### WHAT TO PRODUCE
Excluding pictures, retype the line with "Sau đó thì cho" and each line that follows it to the end of the data below, word for word.

### GIVEN INFORMATION
━━━━━━━━━━

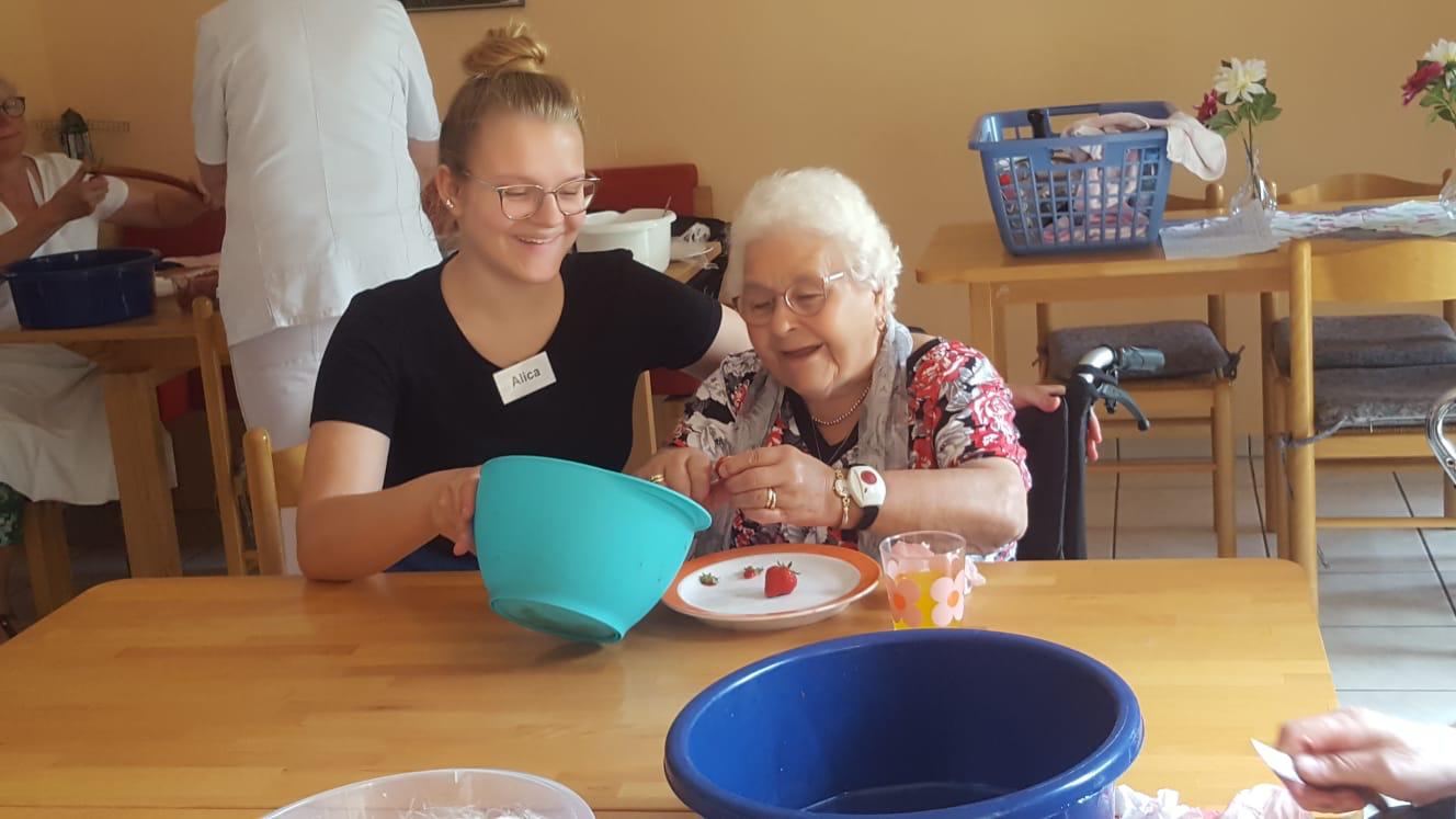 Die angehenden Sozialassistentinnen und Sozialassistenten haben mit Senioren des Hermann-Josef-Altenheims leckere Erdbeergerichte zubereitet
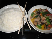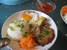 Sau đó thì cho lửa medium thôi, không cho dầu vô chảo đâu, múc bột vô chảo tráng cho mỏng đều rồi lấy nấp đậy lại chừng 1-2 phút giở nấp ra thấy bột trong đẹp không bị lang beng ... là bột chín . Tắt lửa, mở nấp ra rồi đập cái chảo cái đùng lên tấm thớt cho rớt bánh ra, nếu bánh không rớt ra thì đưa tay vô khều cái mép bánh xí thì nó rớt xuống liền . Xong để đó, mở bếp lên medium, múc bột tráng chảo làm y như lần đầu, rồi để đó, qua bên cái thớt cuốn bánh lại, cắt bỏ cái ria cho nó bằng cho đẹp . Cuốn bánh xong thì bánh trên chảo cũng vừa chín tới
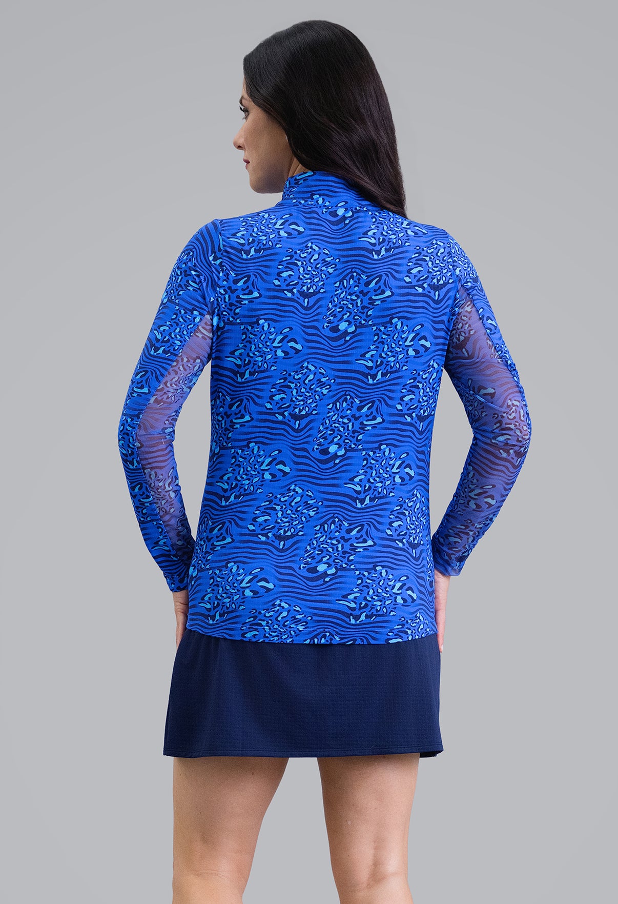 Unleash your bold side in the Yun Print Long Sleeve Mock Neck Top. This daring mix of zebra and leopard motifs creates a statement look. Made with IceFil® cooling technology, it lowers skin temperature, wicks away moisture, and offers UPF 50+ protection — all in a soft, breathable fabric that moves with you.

━━━━━━━━━━

### OUTPUT
 Sau đó thì cho lửa medium thôi, không cho dầu vô chảo đâu, múc bột vô chảo tráng cho mỏng đều rồi lấy nấp đậy lại chừng 1-2 phút giở nấp ra thấy bột trong đẹp không bị lang beng ... là bột chín . Tắt lửa, mở nấp ra rồi đập cái chảo cái đùng lên tấm thớt cho rớt bánh ra, nếu bánh không rớt ra thì đưa tay vô khều cái mép bánh xí thì nó rớt xuống liền . Xong để đó, mở bếp lên medium, múc bột tráng chảo làm y như lần đầu, rồi để đó, qua bên cái thớt cuốn bánh lại, cắt bỏ cái ria cho nó bằng cho đẹp . Cuốn bánh xong thì bánh trên chảo cũng vừa chín tới
 Unleash your bold side in the Yun Print Long Sleeve Mock Neck Top. This daring mix of zebra and leopard motifs creates a statement look. Made with IceFil® cooling technology, it lowers skin temperature, wicks away moisture, and offers UPF 50+ protection — all in a soft, breathable fabric that moves with you.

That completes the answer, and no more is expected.